▶ [What you are asked to do]
The answer is the full listing restated exactly, without any pictures.

▶ [Source material]
──────────────────────────────
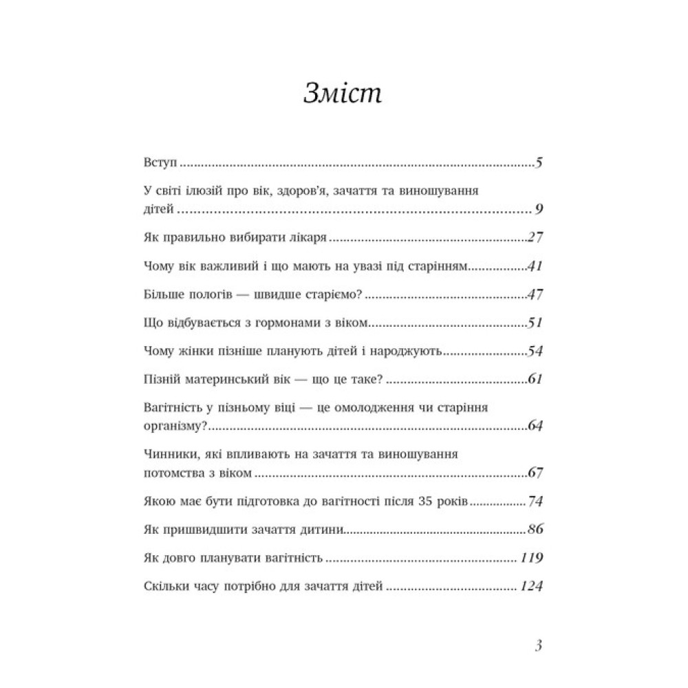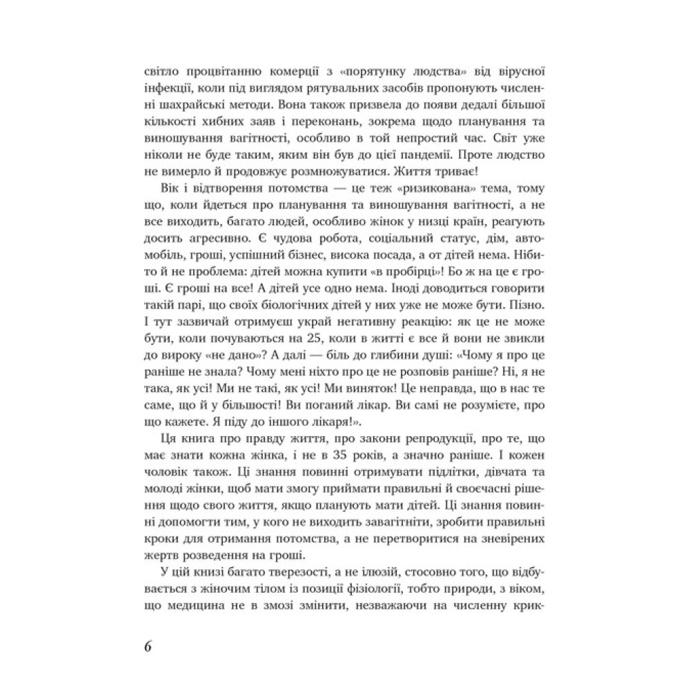 Авторка також докладно висвітлює тему жіночого безпліддя — реального й надуманого, а то й «притягнутого за вуха» тими, хто заробляє гроші, «лікуючи» жінок від відсутніх недуг. Не останньою у вдалому зачатті є й психологічна налаштованість на материнство, про що часто забувають, доводячи жінку до стресу численними аналізами, дослідженнями, очікуваннями, а то й звинуваченнями. Важливим є розділ про підводне каміння пізньої вагітності. Вона доступно пояснює, які відхилення може мати плід, які аналізи потрібно здати, щоб вчасно дізнатися про потенційну небезпеку, а також розповідає, що варто робити, аби уникнути ускладнень вагітності за наявності супутніх хвороб.
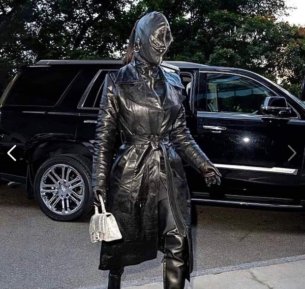 ونشرت كيم كاردشيان مجموعة من الصور، عبر حسابها الخاص بموقع الصور والفيديوهات القصيرة انستجرام، وظهرت فيها مرتدية بدلة جلد سوداء اللون، وقناعًا أسود يخفي كامل وجهها، ولم يطهر منها سوى شعرها.
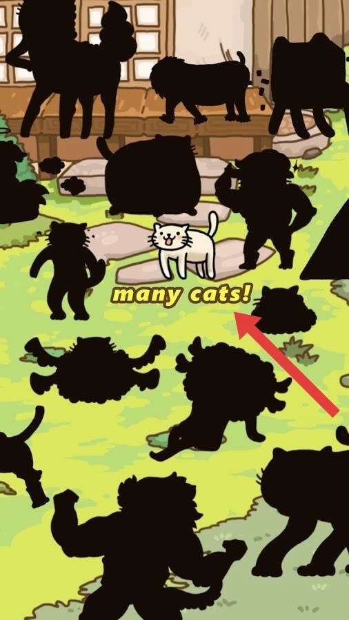 1、在动物剪影场景中,找到中间的白猫,结合【manycats】提示,互动开启收集或进化流程。
──────────────────────────────
▶ [Completed exercise]
 Авторка також докладно висвітлює тему жіночого безпліддя — реального й надуманого, а то й «притягнутого за вуха» тими, хто заробляє гроші, «лікуючи» жінок від відсутніх недуг. Не останньою у вдалому зачатті є й психологічна налаштованість на материнство, про що часто забувають, доводячи жінку до стресу численними аналізами, дослідженнями, очікуваннями, а то й звинуваченнями. Важливим є розділ про підводне каміння пізньої вагітності. Вона доступно пояснює, які відхилення може мати плід, які аналізи потрібно здати, щоб вчасно дізнатися про потенційну небезпеку, а також розповідає, що варто робити, аби уникнути ускладнень вагітності за наявності супутніх хвороб.
 ونشرت كيم كاردشيان مجموعة من الصور، عبر حسابها الخاص بموقع الصور والفيديوهات القصيرة انستجرام، وظهرت فيها مرتدية بدلة جلد سوداء اللون، وقناعًا أسود يخفي كامل وجهها، ولم يطهر منها سوى شعرها.
 1、在动物剪影场景中,找到中间的白猫,结合【manycats】提示,互动开启收集或进化流程。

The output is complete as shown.